Working Together to Assure the “Right” Medication for the “Right” Patient
Think of the world of accessing medications as a big bull’s eye. In Medicare’s perception, that is exactly the way that the market for pharmaceuticals should be viewed. Medicare believes it must play a very active role, as it believes that many key players will aim poorly, completely missing their desired target. And in the worst-case scenarios, prescribers’ aim will be so poor that they may actually wind up hitting patients who have adverse events because of access to an inappropriately prescribed medication.
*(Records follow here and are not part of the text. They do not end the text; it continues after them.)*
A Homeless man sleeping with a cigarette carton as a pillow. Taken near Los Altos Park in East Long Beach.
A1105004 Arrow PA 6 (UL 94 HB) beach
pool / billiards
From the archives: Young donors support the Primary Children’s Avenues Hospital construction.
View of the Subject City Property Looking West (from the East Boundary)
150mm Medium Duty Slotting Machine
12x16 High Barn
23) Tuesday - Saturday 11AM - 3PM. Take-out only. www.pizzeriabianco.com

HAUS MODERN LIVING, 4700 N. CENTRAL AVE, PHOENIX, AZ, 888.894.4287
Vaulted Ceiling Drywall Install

Rofecoxib is an example of “poor shooting” because of inadequate oversight, or so the typical congressional and regulatory argument would make it seem.
As a result of Medicare’s rise to the position of major payor for medications, Medicare believes that it needs to be very involved in medication management. Medicare is focusing on what the target looks like, and expects prescribers’ to hit a defined mark with perfect accuracy. The ideal is a world of “individualized medicine” where the exactly right medications are provided for each patient’s needs.
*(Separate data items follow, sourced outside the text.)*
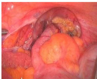
A mucinous colorectal tumour.

Adenocarcinoma is the most common type of colorectal cancer and has two subtypes, signet ring cell and mucinous adenocarcinoma . "Adeno-" is a prefix that means "gland". In general, glands secrete things and are classified as endocrine or exocrine. Endocrine glands secrete things into the bloodstream, like hormones. Exocrine glands secrete things that go outside of the body, like mucus and sweat. A carcinoma is a malignant tumour that starts in epithelial tissue. When the two words are put together, you get "adenocarcinoma," which means a malignant tumor in epithelial tissue, specifically in a gland.
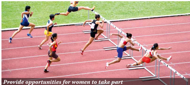
Provide opportunities for women to take part
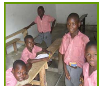
Boys attending school.

in our childrens' homes. Soon after opening, the neighborhood children were given the opportunity to attend for $10 (U.S.) per year, which also includes one meal a day. The school is beginning their fall term and many of the children that previously attended are dropping out because their parents barely have money to buy rice, and certainly none to pay for an education, even at this meager cost. Their choice was made for them. One must survive. Unless help arrives, the literacy of Haiti will continue to plummet and these children will have no hope for a better life. For as little as $10, donors can help feed one poor child of Haiti for one year with academic knowledge, knowledge of the love of Jesus, and wholesome food once a day.
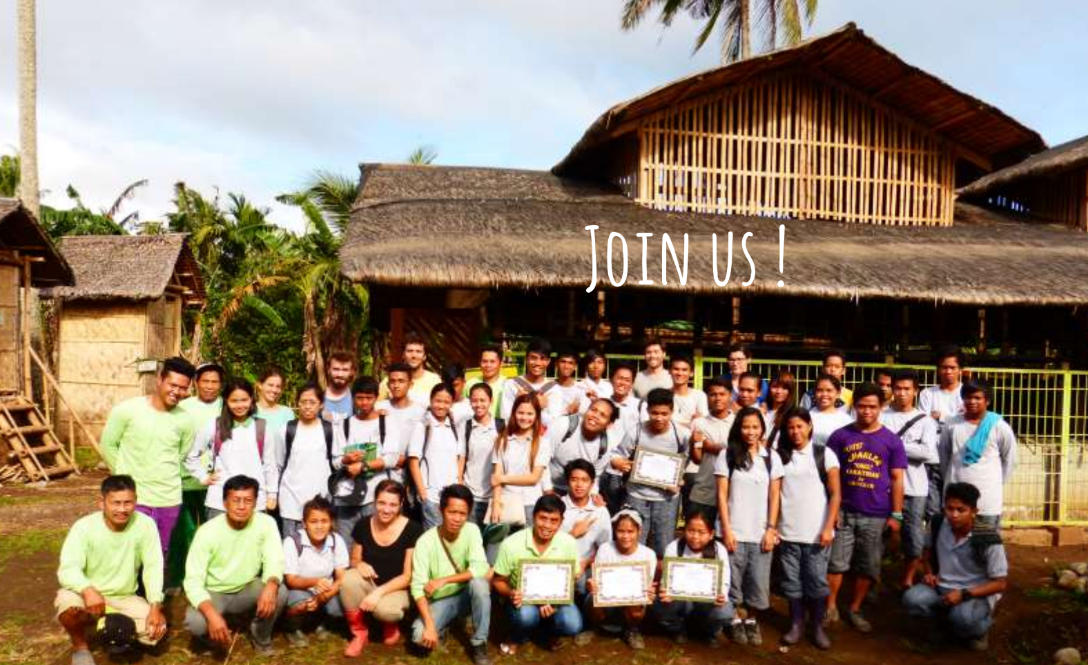
The three Green Village teams in Calauan, Philippines, January 2017
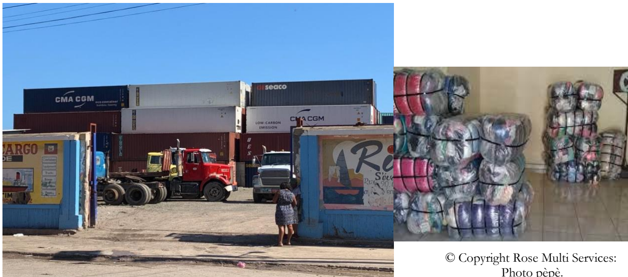
Containers with migrants' imported goods. Photo taken during my fieldwork in 2021.

to imports, these groups control key positions in most government institutions in Northern Haiti, such as ports, the airport, the planning department, the education ministry, the health ministry, as well as the Direction Générale des Impôts and the Office National D'Assurance Vieillesse , Haiti's tax and pension agencies, where money is often embezzled to fund private entrepreneurial activities. Other lower middle-class members in Northern Haiti obtain their socioeconomic status via importing and retailing recycled furniture, house appliances, and clothing, as well as used cars that their families in the Haitian diaspora buy and send to them by boat.
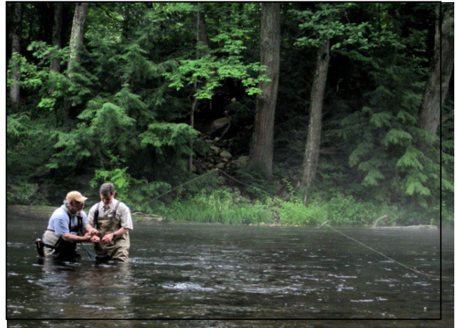
Farmington River, Connecticut

Partnership Wild & Scenic Rivers ~ A unique category of designated Wild & Scenic Rivers managed through long-term partnerships between the National Park Service and local, regional and state stakeholders. This collaborative, locally-driven planning and management approach to river conservation is an effective alternative to direct federal management and administration .
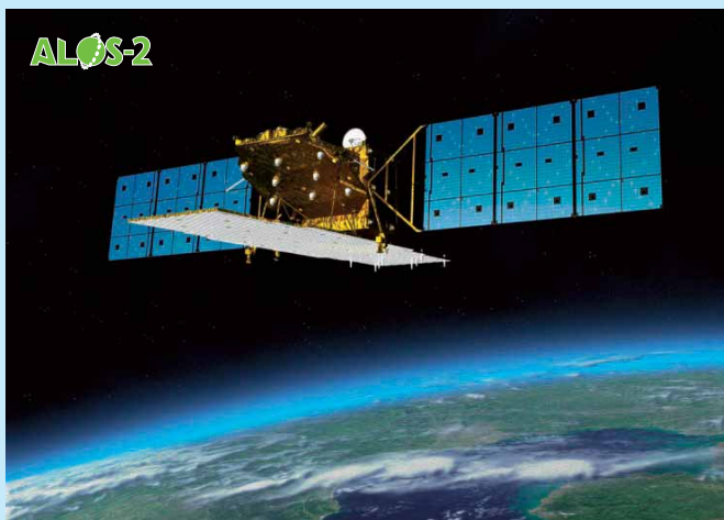
JAXA's Advanced Land Observing Satellite (ALOS-2)

Japan International Cooperation Agency (JICA) and Japan Aerospace Exploration Agency (JAXA) launched a new initiative for Improvement of Forest Governance in June 2016. In this initiative, JICA and JAXA develop an early warning system for deforestation of tropical forest: JICA-JAXA Forest Early Warning System in the Tropics by using JAXA's Advanced Land Observing Satellite (ALOS-2).
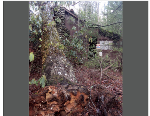
Interior: Cabin with large tree that has fallen through the roof.
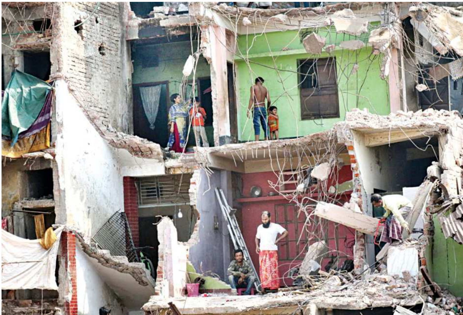
People live in an unsafe three-storey building along the Buriganga in the capital's Lalbagh area. Many buildings in the area were knocked down partially during eviction drives by the Bangladesh Inland Water Transport Authority in the last few months. But those are still occupied by residents. The photo was taken on Wednesday.
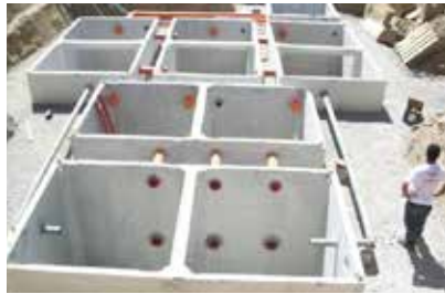
300 PE in Italy

Medicare is utilizing many tools to assure that the right patient receives the right medication. These tools include defining access through specific diagnostic testing, RiskMaps, and narrowing of indications. It is also working to control external influence on patients and prescribers, as well as utilizing technology. But its tools go beyond these and include Medicare Part D guidance and regulations. In addition, the movement toward a pay-for-performance system is driven by the goal of encouraging providers to more appropriately manage medications.
How Medicare is doing this is of extreme interest to all stakeholders and will guide how medications will be managed. But in addition to acknowledging Medicare’s growing dominance in this process, clinicians and their patients can play a major role to influence the course that medication access takes.
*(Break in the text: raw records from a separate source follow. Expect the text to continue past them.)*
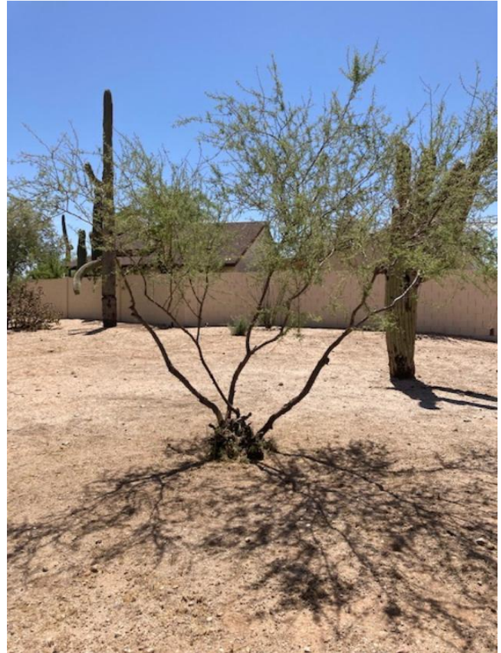
Another volunteer bush landscapers shaped and reared into a tree
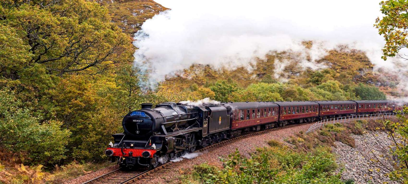
The Jacobite Train

“The view of Edinburgh from the road before you enter Leith is quite enchanting: it is, as Albert said, fairy-like and what you would only imagine as a thing to dream of, or to see in a picture.”
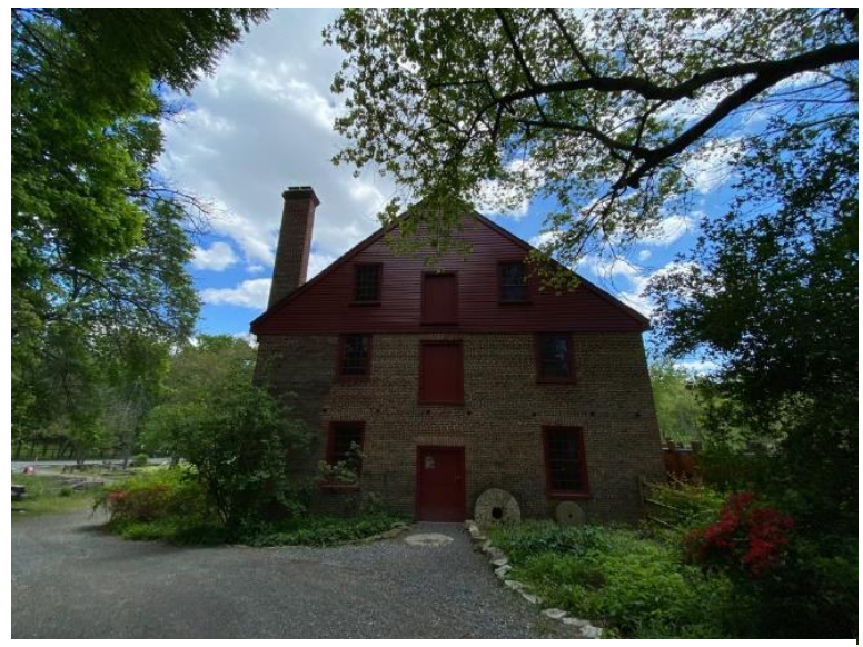
Colvin Run Mill

When I am ready to leave, I will tell the adult I am with. Together, we will walk back to the General Store. We will follow the brick path back to the parking lot.
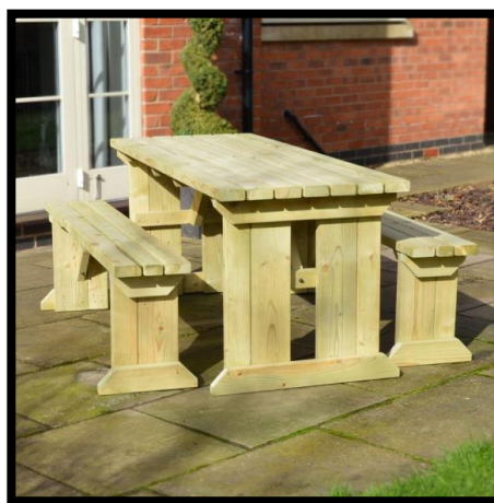
PICNIC TABLE AND BENCH SET

To start, the federal government is defining who can have access to specific medications. This is done primarily in three ways: (1) requiring specific diagnostic testing, (2) utilizing FDA RiskMaps, and (3) narrowing the indications. Each of these tools is utilized to assure that specified medications are provided to the “right” patient. Obviously, we need to assure that the definition of “right” is clinically appropriate, being based on the best available evidence. In the case of the erythropoiesis-stimulating agents (ESAs), many have argued that the indications being applied are far too narrow, eliminating many patients who would benefit from having access to these medications.
Recently, the FDA considered strongly refusing to expand access of bevacizumab to women suffering from breast cancer. This consideration arose despite the fact that clinical trials demonstrated the longest reported “progression-free survival” for patients with advanced breast cancer through the use of bevacizumab.1 An editorial in The Wall Street Journal noted that advanced therapies often prove more effective within targeted populations in some patients more than others. This is the problem when making decisions for large populations instead of for individual patients. While some individuals may in fact benefit from a given medication, others may be harmed by the same medication. Basing decisions as the FDA currently does on large general populations is contrary to individualized treatment plans. In this case, the narrow focus of the bull’s eye is restricting access for patients who would benefit from these medications. In the case of bevacizumab, the target was expanded because of the pressure applied by clinicians and patients.
A prime example of a pharmacodiagnostics test is the assessment of HER2 receptor expression in breast cancer tumors. The humanized therapeutic monoclonal antibody trastuzumab was designed to target HER2, which, when overexpressed, is associated with an aggressive form of breast cancer and poor clinical outcome. When trastuzumab was approved in the United States in 1998 for the treatment of HER2-positive metastatic breast cancer (MBC), a specific diagnostic IHC assay was approved at the same time for the selection of eligible patients with MBC, marking the first simultaneous regulatory approval of a targeted drug and its corresponding diagnostic test.
Of course, assuring that a specific medication is right for a patient goes beyond criteria; it can sometimes be defined by a specific diagnostic test. Such is the case with many oncology classifications. Genetic Testing and Diagnostic Tools in the Pharmacy Benefit2 examines the evolving presence and impact of genetic testing on health plans and the pharmacy benefit industry.
These tests can go a great distance in identifying the patients likely to have the greatest gain from utilizing a specific medication. These diagnostic-specific tests have been utilized in the area of oncology treatments for some time to best assure using specific tumor markers that the right patient is receiving the right medication.
CMS national coverage determination (NCD)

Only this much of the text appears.